Korean Patent Laid-Open Publication No. 2013-0137370, however, merely presents an alarm when the temperature exceeds the reference value, and it is difficult to know the cause of the temperature increase, which makes it difficult to maintain / repair the power supply system.

Korean Patent Laid-Open Publication No. 2013-0137370 has a problem in that no consideration is given to the influence of external noise in the partial discharge diagnosis. Therefore, even if the arc, the partial discharge, and the temperature are simultaneously diagnosed, the reliability may be low.

Korea Publication No. 2013-0137370 (published on Dec. 17, 2013)

Accordingly, the present invention intends to provide a booth bar temperature monitoring system based on a non-power source temperature sensor and a power distribution board having a function of analyzing causes of temperature increase.

In addition, the present invention intends to provide a power and control panel capable of precisely monitoring fire by precisely monitoring partial discharge in a state in which the influence of external noise is dispensed with.

Other objects of the present invention will become readily apparent from the following description of the embodiments.

In order to accomplish the above object, according to a preferred embodiment of the present invention, there is provided a busbar temperature and fire prevention monitoring function, comprising: a PD diagnostic module for monitoring a partial discharge occurring in a switchboard; And determining whether or not a temperature on at least one of the R, S, and T phase busbars is equal to or greater than a preset upper temperature limit; and if a booth bar above the temperature upper limit exists, If it is judged that the temperature exceeds the reference current value, it is determined that the temperature rise of the booth bar exceeding the temperature upper limit value is caused by the overcurrent, and if it is determined that the temperature rise is equal to or lower than the reference current value, And a temperature diagnosis module that determines that the temperature rise is due to a physical defect.

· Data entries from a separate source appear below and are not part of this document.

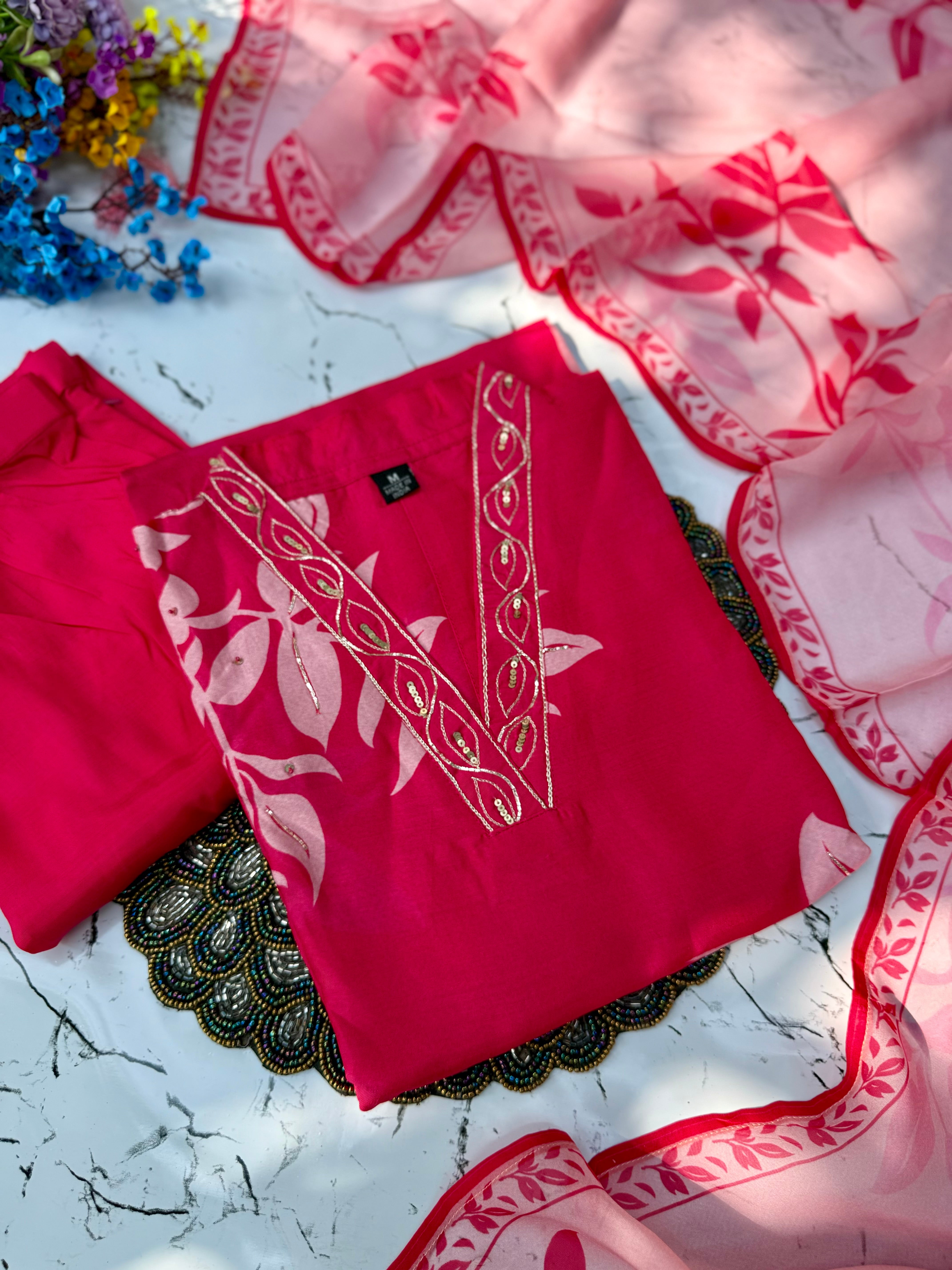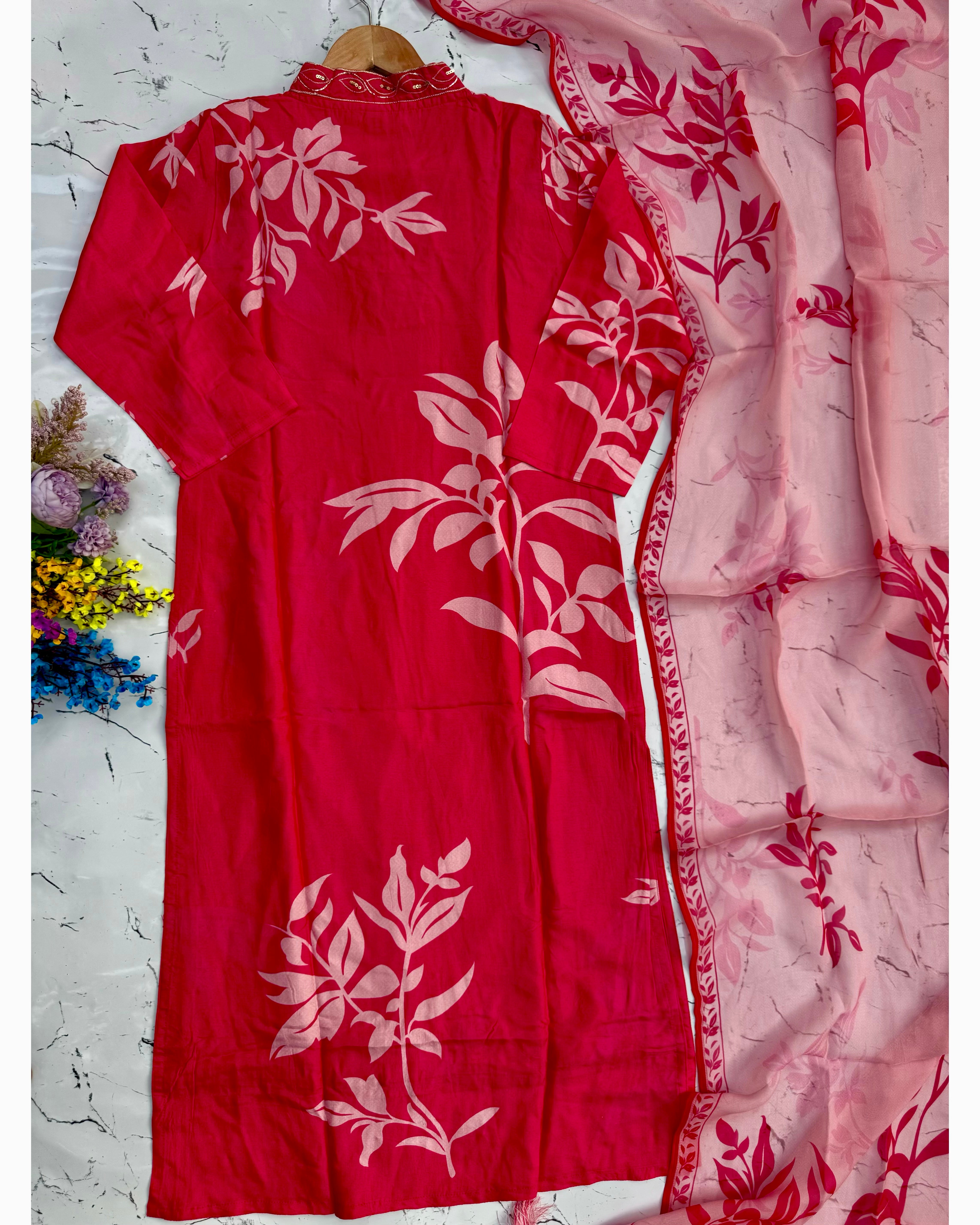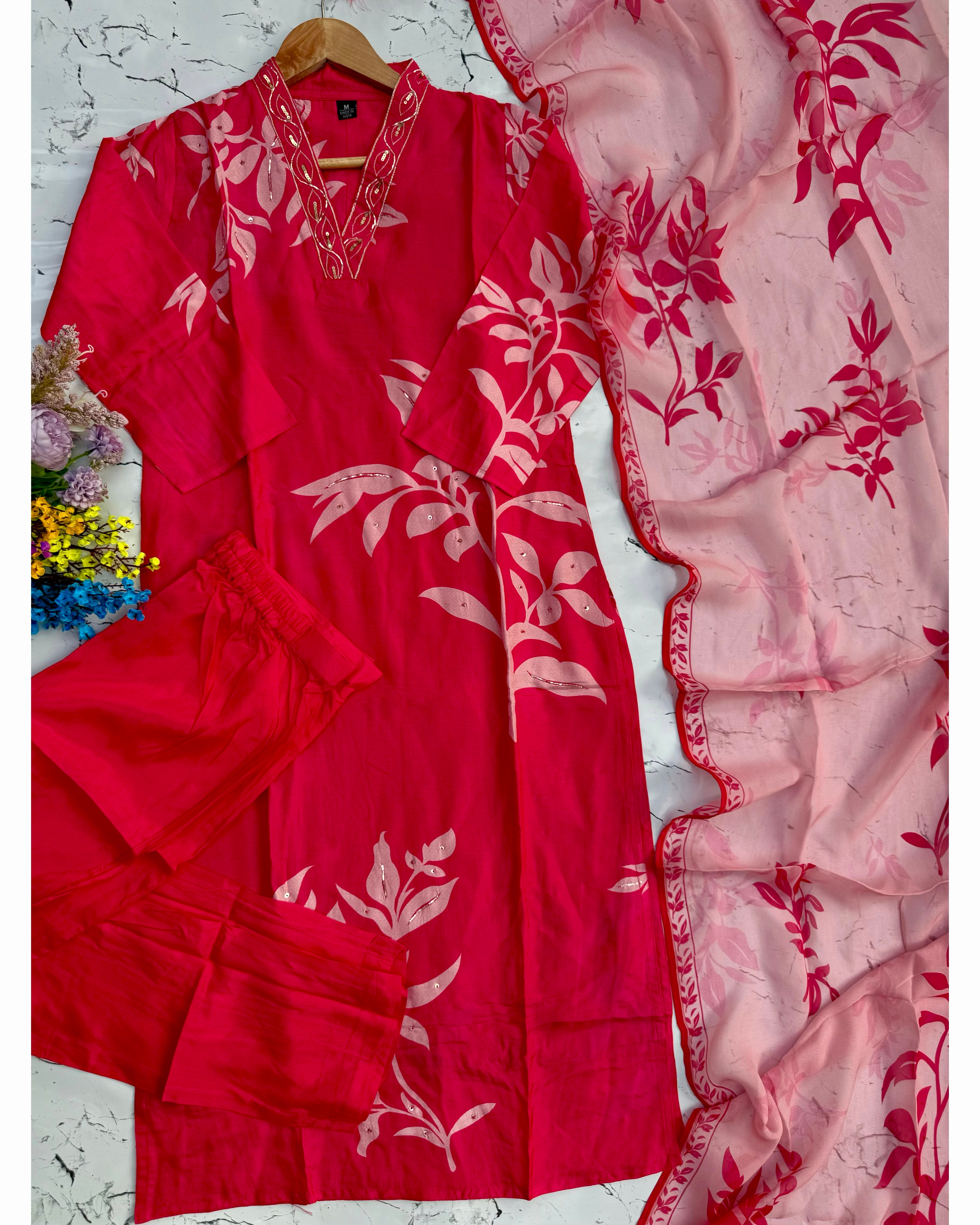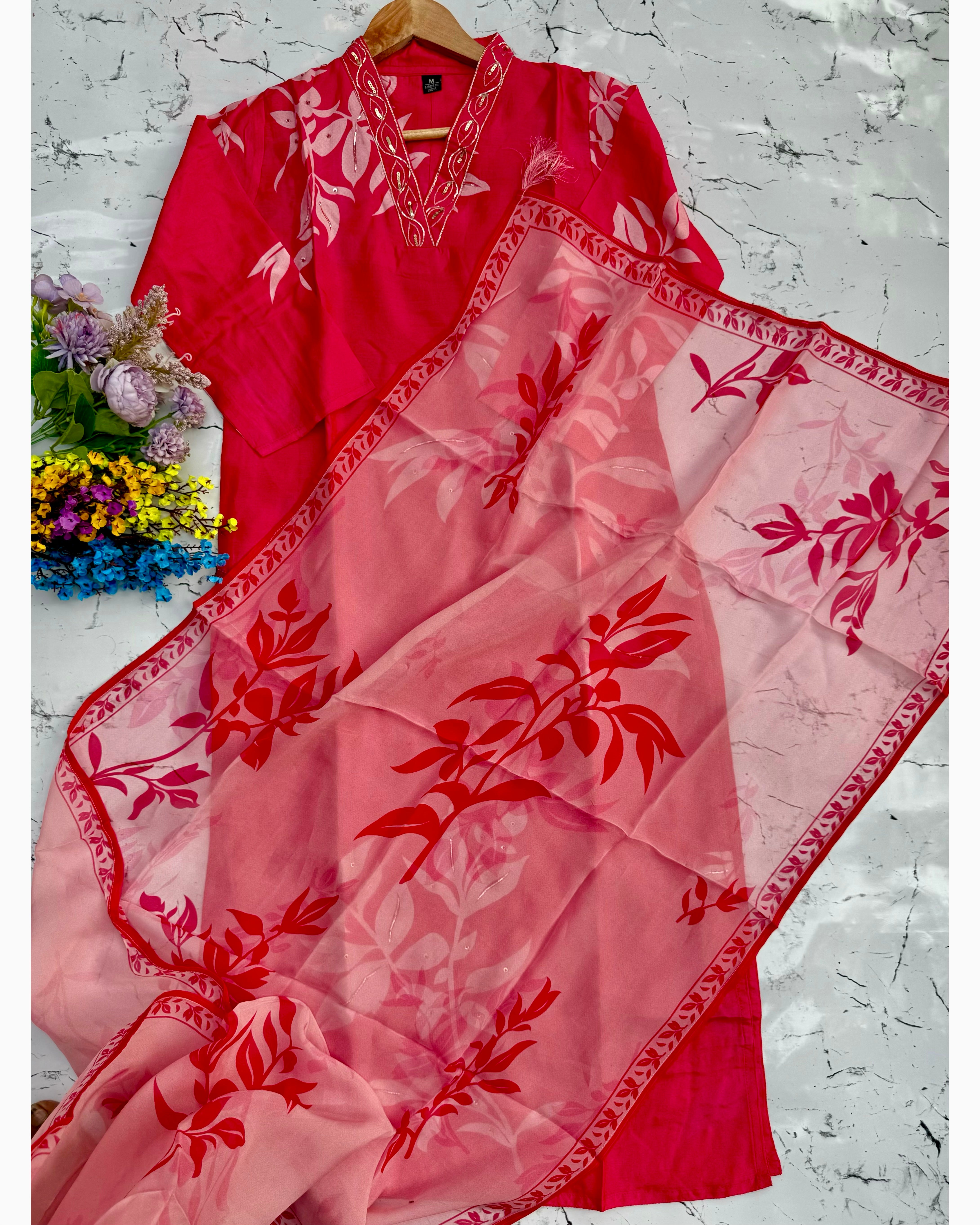 premium Russian silk printed straight kurti with handwork detailing all over the kurta with a organza dupatta and silk bottom
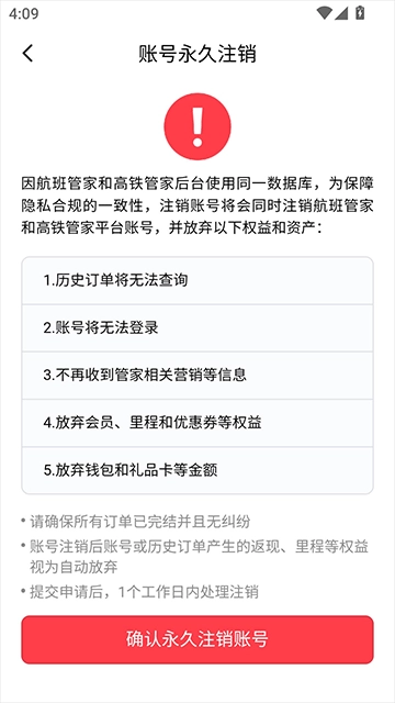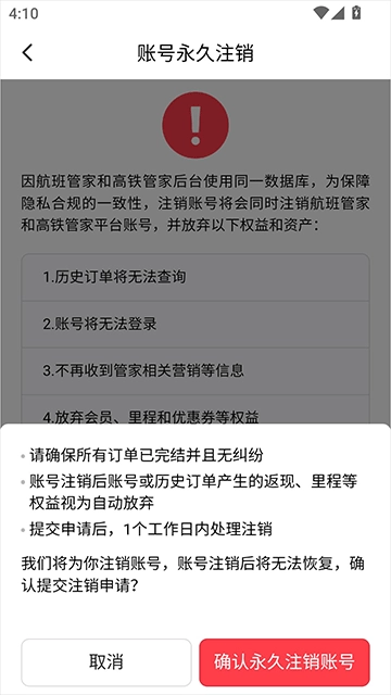 4、最后在弹出的提示选项框里,继续点击“确认永久注销账号”这一选项
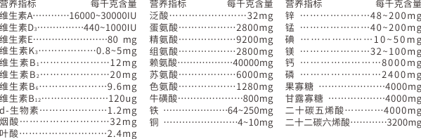 【原料組成】賴氨酸、蛋氨酸、精氨酸、亮氨酸、組氨酸、色氨酸、?;撬?、雞肉粉、魚粉、深海魚油、椰子油、亞麻籽油、復(fù)合維生素、常量礦物質(zhì)元素、復(fù)合微量元素、果寡糖、純化水等。
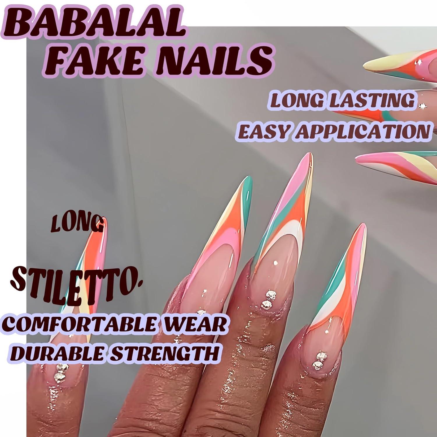 Easy to Use: The press on nails long are designed according to the curvature of female nails, with moderate thickness, natural fit, more natural effect, and comfortable to use
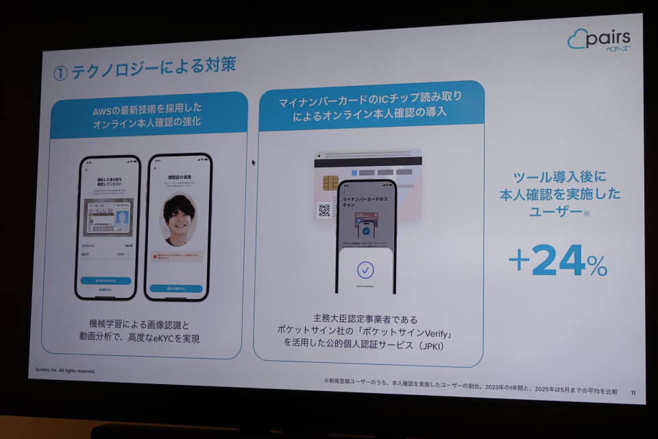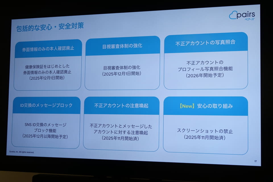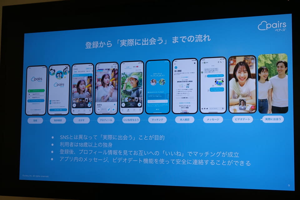 今回は、マッチングアプリ「ペアーズ」を運営するエウレカの担当者から、同サービスのAI活用とユーザー保護への取り組みを聞いた。
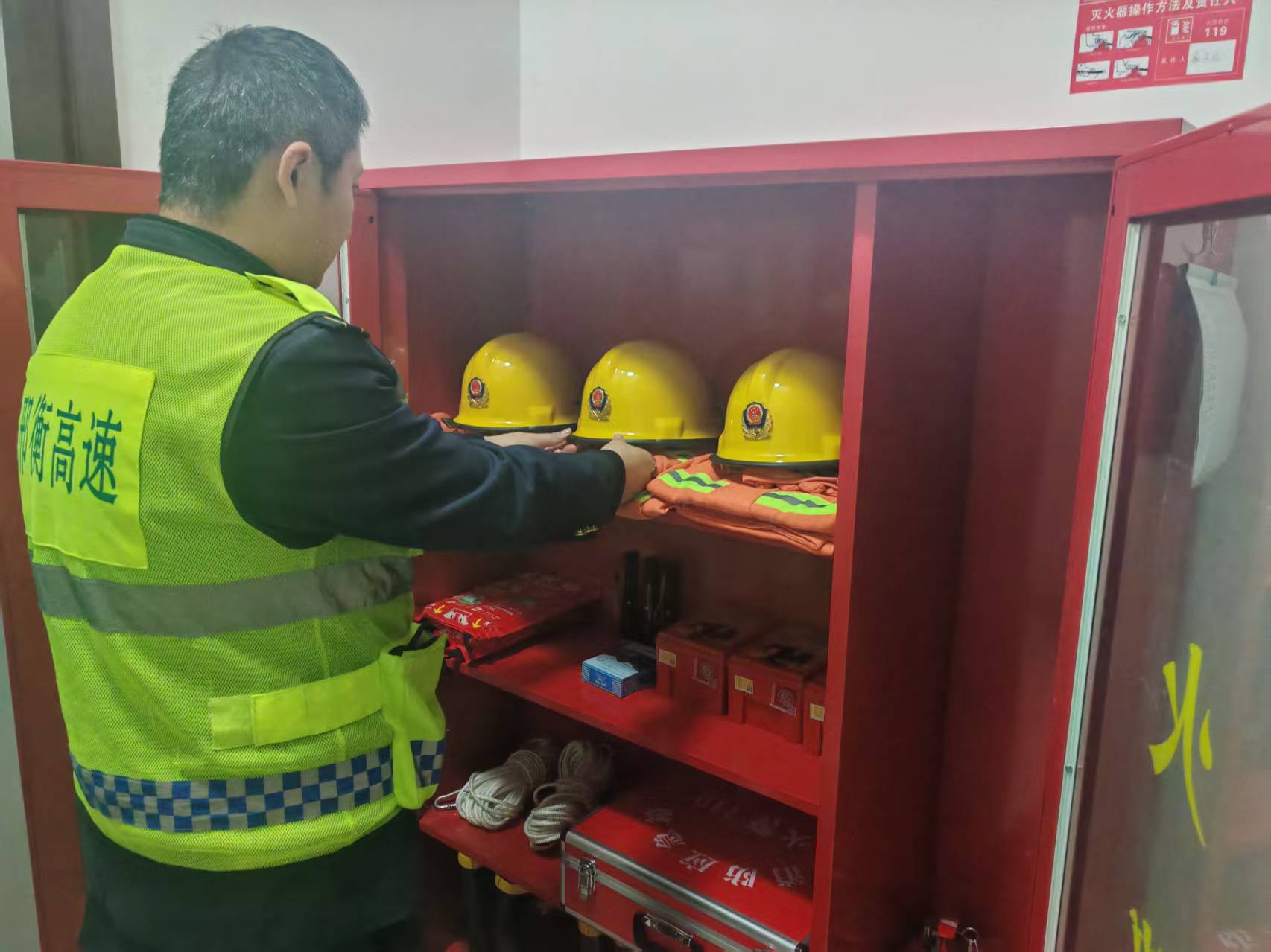三是紧盯消防保障,实地查验灭火器、消防柜等消防设施配置及完好情况,确保应急处置能力到位,有效应对各类突发状况。

Here, the temperature diagnosis module may determine whether the temperature on the N-phase booth bar is equal to or higher than a preset upper temperature limit value. If it is determined that the temperature on the N-phase booth bar is equal to or higher than the preset upper temperature limit value, And determining that the image harmonics on the N-phase busbar are higher than the reference harmonic value if the N-phase busbar is judged to be less than the reference unbalance value, The booth bar is judged to have increased in temperature due to a physical defect, and when it is determined that the temperature is higher than the reference unbalance value, it can be determined that the temperature of the N-phase booster bar is increased due to the unbalance current.

The PD diagnostic module may include a PD signal processor for converting the PD signal received from the PD sensor to a reference frequency of a low frequency and detecting a peak of the converted PD signal at a predetermined time interval using a peak detection circuit; A noise signal processing unit for converting a noise signal received from the noise sensor to a reference frequency and detecting a peak of the converted noise signal at a predetermined time interval using a peak detection circuit; And a noise eliminator for generating a pure PD signal by removing the noise by subtracting the peak of the noise signal at the peak of the PD signal by the predetermined time interval.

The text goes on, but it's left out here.